ASSIGNMENT — Beginning at the line containing "The father filed", repeat each line below exactly up to and including the line containing "Uhm Hyun Kyung". Do not repeat the pictures.

━━ EXTRACTED DATA ━━

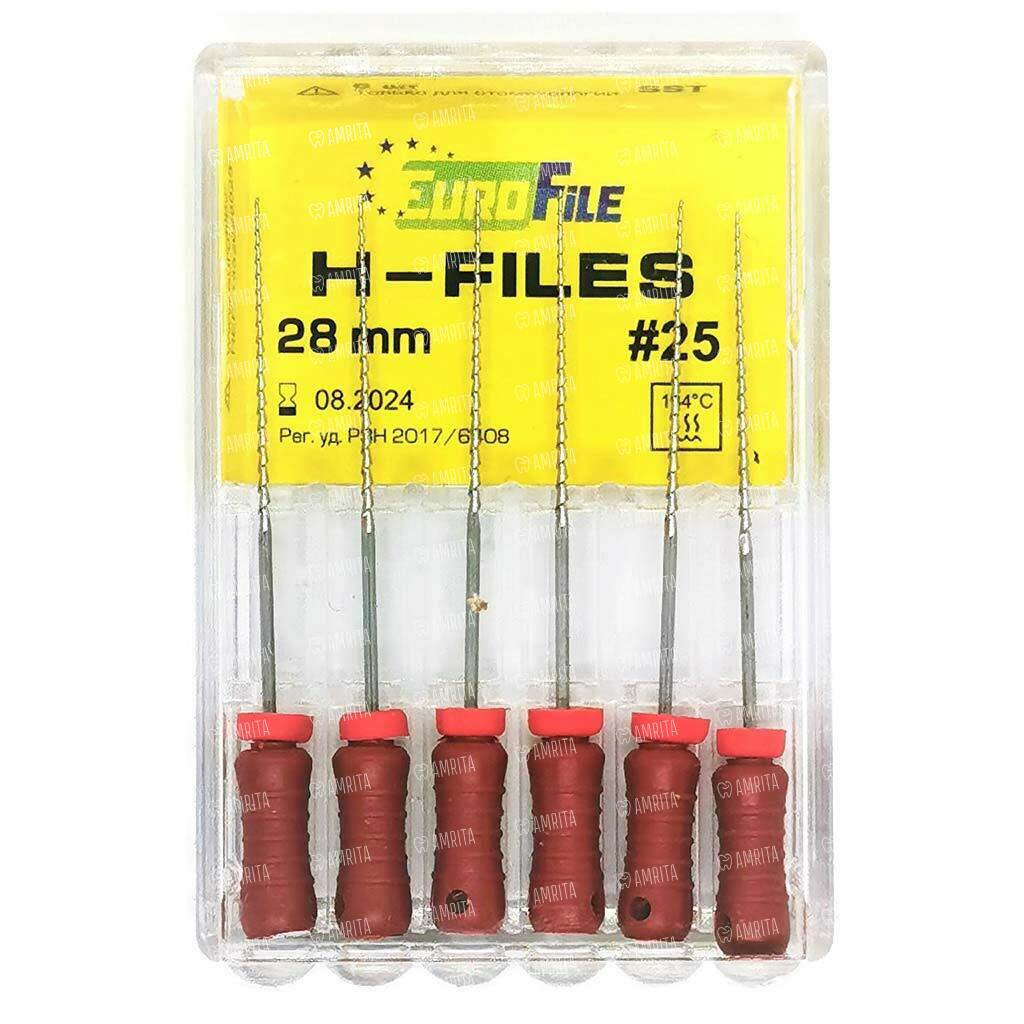 Файлы ручные Eurofile H-Files, для расширения и выравнивания корневого канала, 28 мм, №25/.02, сталь, 6 шт
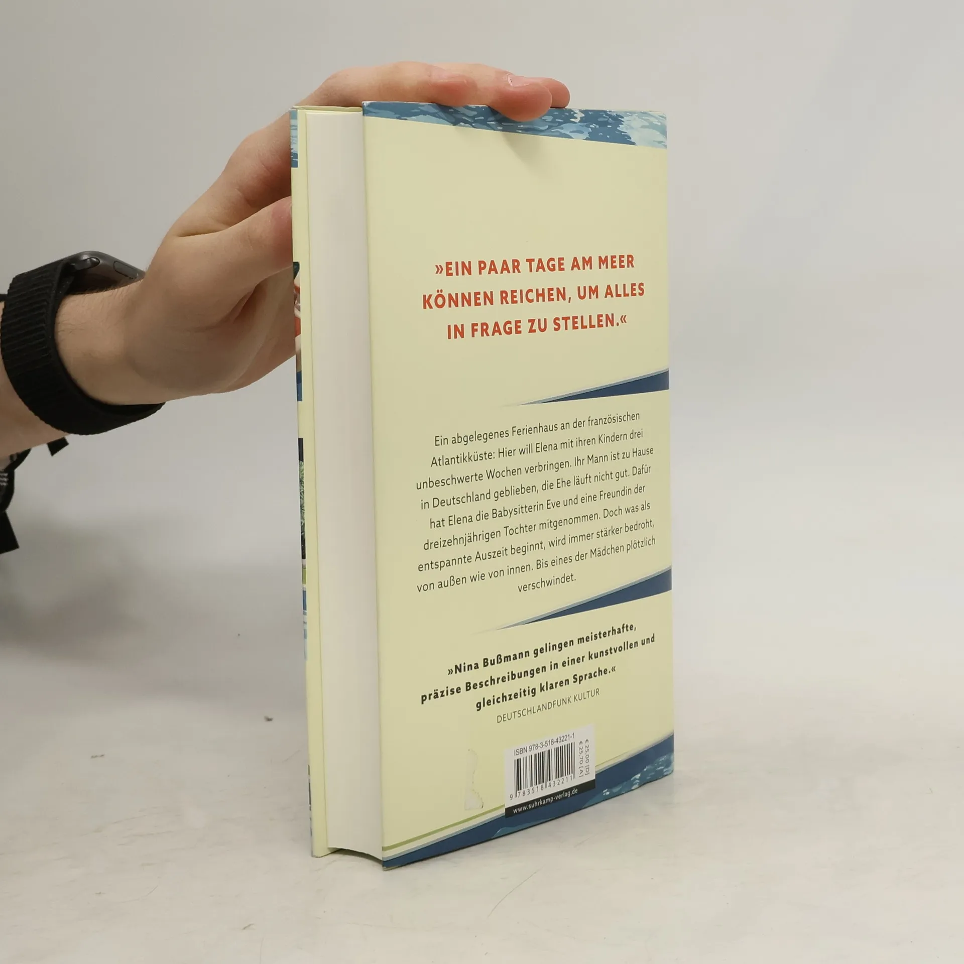 »Ein paar Tage am Meer können reichen, um alles in Frage zu stellen.« Ein abgelegenes Ferienhaus an der französischen Atlantikküste: Hier will Elena mit ihren Kindern drei unbeschwerte Wochen verbringen. Ihr Mann ist zu Hause in Deutschland geblieben, die Ehe läuft nicht gut. Dafür hat Elena die Babysitterin Eve und eine Freundin der dreizehnjährigen Tochter eingeladen. Doch was als entspannte Auszeit beginnt, wird immer stärker bedroht, von außen wie von innen: Die ausgetrockneten Wälder stehen in Flammen, unangekündigte Gäste tauchen auf, Konflikte spitzen sich zu – befeuert von Eifersucht, Misstrauen und Abhängigkeiten. Bis eines der Mädchen plötzlich verschwindet. Drei Wochen im August ist ein intensives Kammerspiel in der Hitze des Sommers. Alles scheint harmonisch, aber die Abgründe lauern im Idyll. Eine unbedachte Bemerkung, eine falsche Verdächtigung, und das komplexe Beziehungsgeflecht droht zu zerreißen. Davon erzählt Nina Bußmann mit großer psychologischer Klugheit und einem feinen Gespür für Spannung.
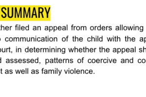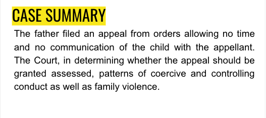 The father filed an appeal from orders allowing no time and no communication of the child with the appellant. The Court, in determining whether the appeal should be granted assessed, patterns of coercive and controlling conduct as well as family violence.
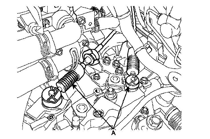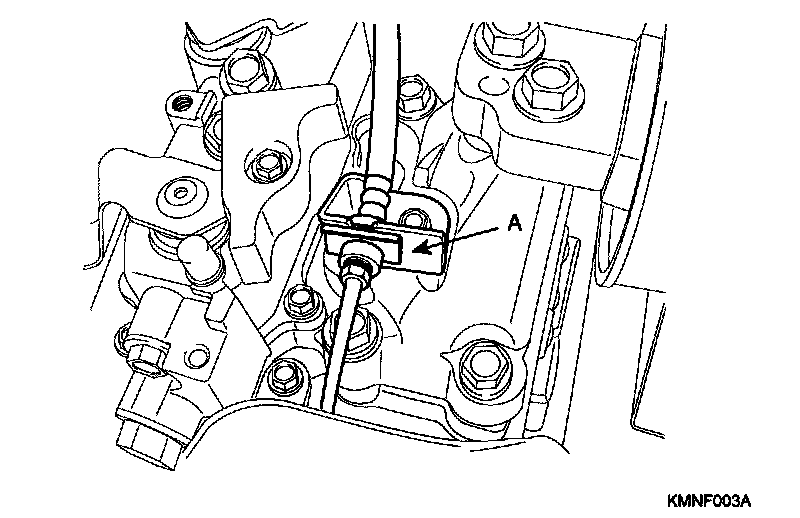 4) Remove the transaxle control cable (A).
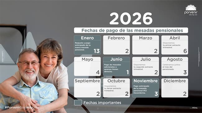 Para el 2026, Porvenir estableció el siguiente calendario de pago:
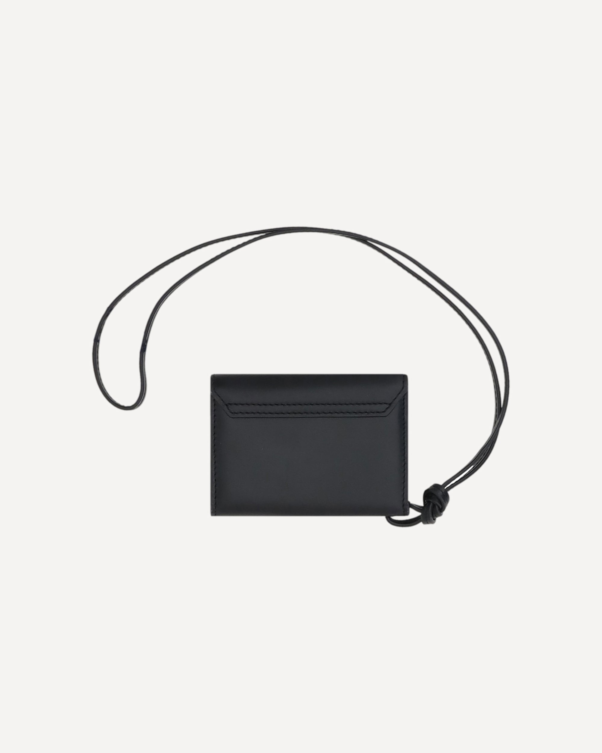The Le Porte Jacquemus leather Wallet is an elegant and practical accessory, ideal for those seeking functionality and style. The bifold model features a flap closure and snap button on the front, while the iconic three-dimensional monogram applied to the flap adds a distinctive and sophisticated touch. The removable shoulder strap offers the possibility to wear it comfortably around the neck as well. Inside, you'll find a card slot, a zippered coin slot pocket, and ample space to organize bills and documents.
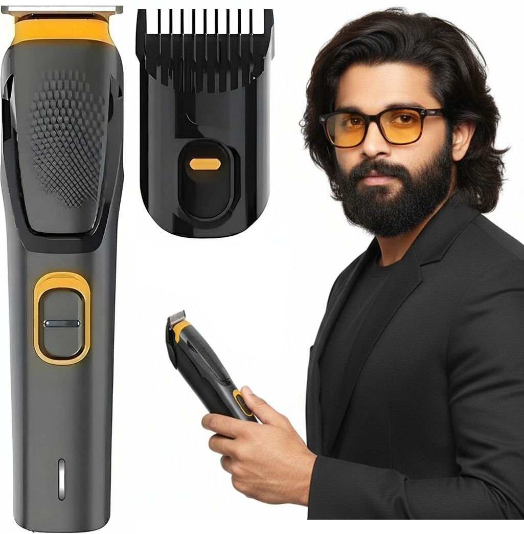 RACCOON AT-509 Cordless Professional Hair Trimmer Titanium coated blade Waterproof S01 Trimmer 90 min Runtime 5 Length Settings (Yellow, Black):-
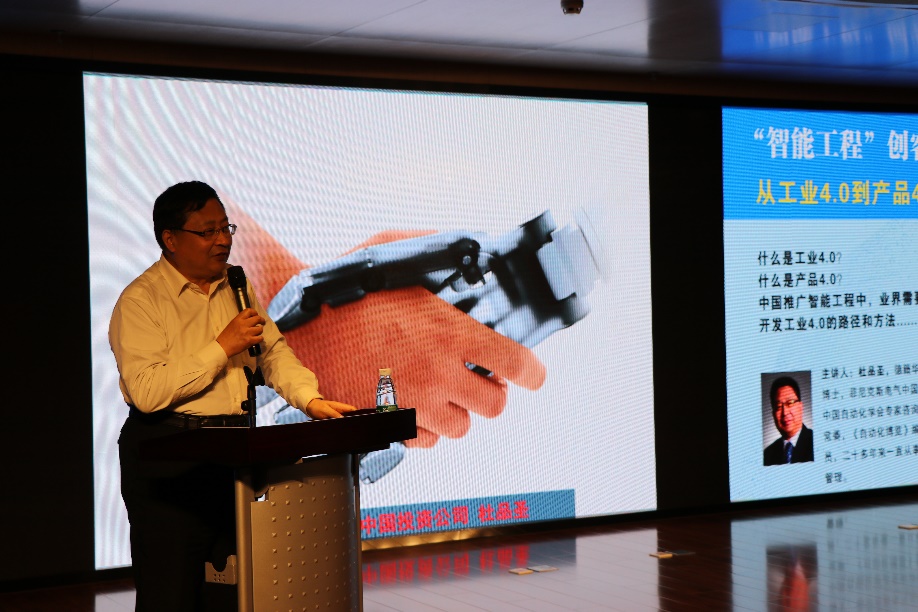 杜品圣博士的报告受到了公司师生的热烈欢迎,路演大厅座无虚席,场面十分热闹。工业4.0已成为社会发展的新动力,但是如何正确的走好这条路仍在探索之中。杜博士首先由德国工业界的一些反常现象引发大家对工业4.0的再思考,工业革命之间的内在关系是什么,德国发起工业4.0要解决什么问题,以及工业4.0与自动化的发展是什么关系。杜博士详细深入地阐述了他对这三个问题的思考,使得大家对工业4.0的核心有了更加深刻的认识,尤其是对变革性创新与革命性创新的关系的理解。然后杜博士谈到了从工业4.0到产品4.0的过程中,对建立工业4.0生产制造模式的再思考以及生产制造模式与人才培养的关系,由此联系到校企如何培养互联网时代的人才问题。报告过程中,杜博士不断对在座员工提出希冀,要做产品产业化人才金字塔顶部的“金领”,要做互联网时代创新型人才。
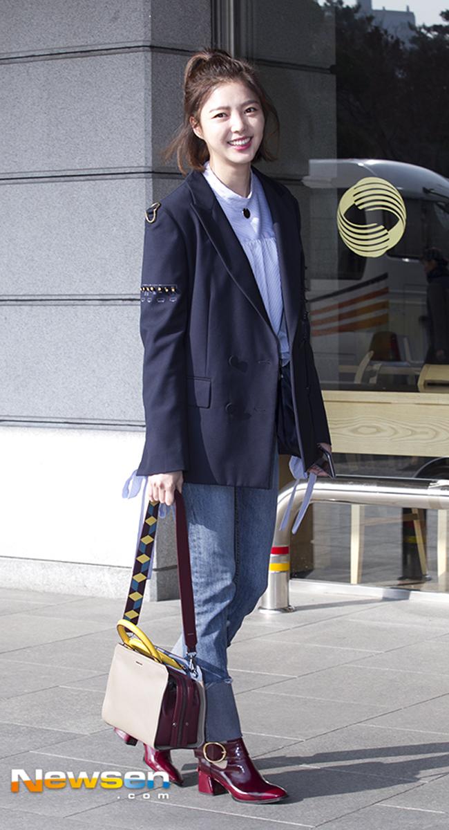 Uhm Hyun Kyung trông tươi trẻ hơn hẳn độ tuổi 30 khi diện áo blazer cùng quần jeans và những phụ kiện tông màu bắt mắt.
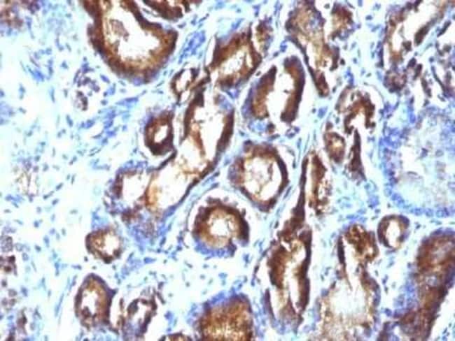 Kallikrein 3/PSA Monoclonal antibody specifically detects Kallikrein 3/PSA in Human samples. It is validated for Immunohistochemistry, Immunohistochemistry (Paraffin)
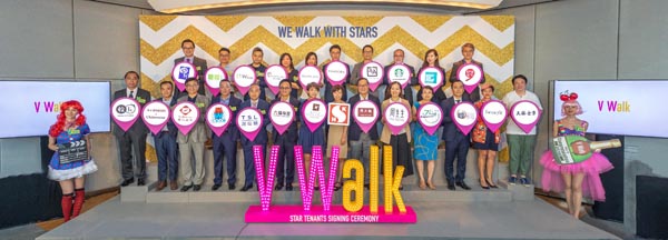 進駐新商場的商戶超過150個,涵蓋6大行業,而零售品牌占去70%。其中,包括嘉禾戲院;珠寶首飾店如六福珠寶、PANDORA;連鎖食店品牌如茶木、牛角、Starbucks、天仁茗茶以及其他行業的著名品牌。與此同時,V Walk亦獲幼稚園朗思國際承租,從而可確保以家庭為單位的客流量。V Walk附近亦有一間五星級酒店即將落成,項目將建設行人天橋,連接鄰近地區。
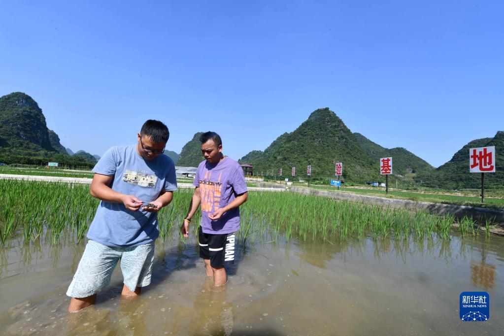 在柳州市柳江區里高鎮板六村螺螄養殖基地,技術人員在查看螺螄生長情況(2021年6月6日攝)。新華社記者 黃孝邦 攝

━━━

SOLUTION TO THIS PROBLEM —
 The father filed an appeal from orders allowing no time and no communication of the child with the appellant. The Court, in determining whether the appeal should be granted assessed, patterns of coercive and controlling conduct as well as family violence.
 4) Remove the transaxle control cable (A).
 Para el 2026, Porvenir estableció el siguiente calendario de pago:
The Le Porte Jacquemus leather Wallet is an elegant and practical accessory, ideal for those seeking functionality and style. The bifold model features a flap closure and snap button on the front, while the iconic three-dimensional monogram applied to the flap adds a distinctive and sophisticated touch. The removable shoulder strap offers the possibility to wear it comfortably around the neck as well. Inside, you'll find a card slot, a zippered coin slot pocket, and ample space to organize bills and documents.
 RACCOON AT-509 Cordless Professional Hair Trimmer Titanium coated blade Waterproof S01 Trimmer 90 min Runtime 5 Length Settings (Yellow, Black):-
 杜品圣博士的报告受到了公司师生的热烈欢迎,路演大厅座无虚席,场面十分热闹。工业4.0已成为社会发展的新动力,但是如何正确的走好这条路仍在探索之中。杜博士首先由德国工业界的一些反常现象引发大家对工业4.0的再思考,工业革命之间的内在关系是什么,德国发起工业4.0要解决什么问题,以及工业4.0与自动化的发展是什么关系。杜博士详细深入地阐述了他对这三个问题的思考,使得大家对工业4.0的核心有了更加深刻的认识,尤其是对变革性创新与革命性创新的关系的理解。然后杜博士谈到了从工业4.0到产品4.0的过程中,对建立工业4.0生产制造模式的再思考以及生产制造模式与人才培养的关系,由此联系到校企如何培养互联网时代的人才问题。报告过程中,杜博士不断对在座员工提出希冀,要做产品产业化人才金字塔顶部的“金领”,要做互联网时代创新型人才。
 Uhm Hyun Kyung trông tươi trẻ hơn hẳn độ tuổi 30 khi diện áo blazer cùng quần jeans và những phụ kiện tông màu bắt mắt.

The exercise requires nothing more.